[caption id="attachment_1506" width="560"] William Somerset Maugham[/caption]
Después de publicar Lluvia y otros cuentos, Atalanta prosigue su desacomplejada reivindicación de William Somerset Maugham (1874-1965) con la edición de los doce relatos reunidos en El impulso creativo y otros cuentos. Sabido es, y roza el tópico mencionarlo a estas alturas, que el éxito y la fortuna logrados entre públicos muy amplios por el prolífico autor de Servidumbre humana (1915), El velo pintado (1925) y El filo de la navaja (1944), unidos a las frecuentes adaptaciones de sus novelas y piezas teatrales al cine, colocaron a Somerset Maugham –como a Stefan Zweig, por cierto– en el purgatorio de los escritores de masas que no eran acreedores a la entrada directa en el cielo de los estilistas de inequívoca grandeza literaria. Parece que hoy esta condena ha sido levantada, aunque nunca hay que fiarse.
Lo cierto es que, como podrá comprobar el lector de estos relatos, la prosa de Somerset Maugham, de línea clara, fluye con soltura en tramas atractivas, cuajadas de descripciones brillantes y de observaciones agudas y a menudo punzantes que no dejan de producir una visión crítica, por no decir acerada, de la condición humana o, si se prefiere, de los individuos y clases sociales que la encarnan.
En esta colección, traducida por Jordi Fibla, en relatos como Las tres gordas de Antibes, Louise o La voz de la tórtola, se advierte un especial afilamiento a la hora de encarar la sátira de los personajes femeninos de clase alta, que le fueron muy cercanos al autor por su desahogada posición económica.
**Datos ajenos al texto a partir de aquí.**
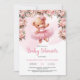 Cute teddy bear tutu ballerina with blush roses baby shower invitation,
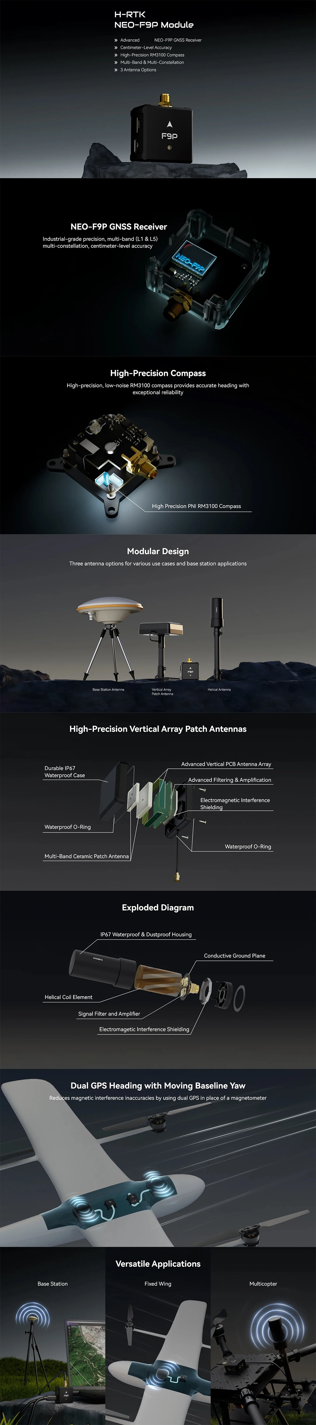 The H-RTK NEO-F9P GPS integrates the advanced u-blox NEO-F9P GNSS receiver, high-precision RM3100 compass, and a tri-color LED indicator. This high-precision system delivers multi-band RTK capabilities with rapid convergence times, reliable performance, and fast update rates, making it ideal for highly dynamic, high-volume applications that require centimeter-level accuracy. Multiple antenna options are available to suit diverse use cases.
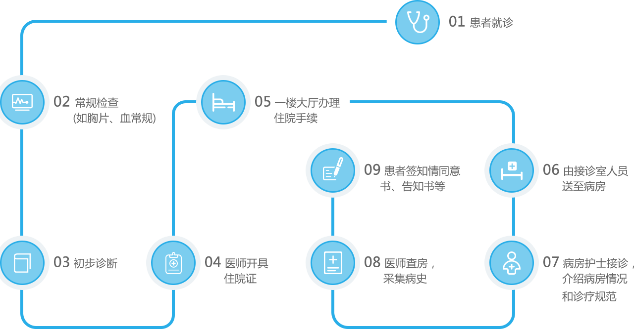 3.办理常规患者入院手续时间为:周一至周日8:00-17:00;

“La experiencia me ha enseñado que cuando un libro causa sensación es mejor esperar un año antes de leerlo. Entonces resulta asombrosa la cantidad de libros que no tienes por qué leer”. Esta plausible y ácida anotación, de permanente vigencia, está formulada por el narrador de La voz de la tórtola, escritor y poseedor –como el propio Somerset Maugham– de una mansión en La Riviera, por lo que, junto a otros detalles –un muy vago eco de homosexualidad–, podría reflejar el punto de vista de nuestro autor, que también aborda la creación literaria –de aquella manera, que diría un catalán– en El impulso creativo, el relato que cierra el volumen y le da título.
En La voz de la tórtola, un escritor ya consagrado conoce a un joven colega que ha tenido éxito con su primera novela y muestra hacia él toda clase de reticencias. No obstante, decide invitarlo a su casa de La Riviera con el fin de que, mientras consigue un nuevo alojamiento, pueda aislarse para trabajar en su siguiente obra. Al saber que el muchacho proyecta escribir una historia de amor romántico al estilo de Ouida –novelista británica del XIX que cultivó el género–, el apasionado romance entre un joven escritor y una “prima donna”, el narrador no duda en presentarle a La Falterona, una muy relevante cantante de ópera, amiga y vecina suya, con el fin de que el principiante obtenga documentación de primera mano.
La voz de la tórtola me ha parecido interesante no sólo por contener reminiscencias autobiográficas y opiniones personales del autor, sino porque Somerset Maugham hace un bonito y ocurrente juego literario. El narrador se va olvidando de su amigo y de su planeada novela y, mediante una transferencia del punto de vista, es él quien acaba consumando un prolijo y jugoso retrato de la “diva”, otro perfil de mujer –“ella era odiosa, desde luego, pero también irresistible”– escrito con indisimulable y zumbona misoginia, muy lejana del cautivo entusiasmo que –según se nos informa– el novato novelista sentirá hacia la cantante.
En un momento anterior, inicial, el narrador escribe sobre su incipiente amigo: “Me pareció un joven bastante detestable, pero eso no me importaba. Es muy natural que ciertos jóvenes inteligentes resulten bastante detestables. Son conscientes de tener unos dones que no saben cómo usar. Están exasperados con el mundo porque no reconoce su mérito. Tienen algo que dar, y ninguna mano se tiende para recibirlo. Están impacientes por alcanzar la fama a la que se creen con derecho. No, no tengo nada contra los jóvenes detestables; cuando son encantadores es cuando mantengo mi simpatía a buen recaudo”.
Dejando aparte la pertinencia del último comentario, Somerset Maugham –y aunque su observación psicosociológica pueda tener validez universal, o no– parece apuntar a las complicadas relaciones de rivalidad entre escritores establecidos y escritores emergentes, a guerras generacionales de poder que, según crecientes síntomas, hoy tienen alguna actualidad en España, sin ir más lejos.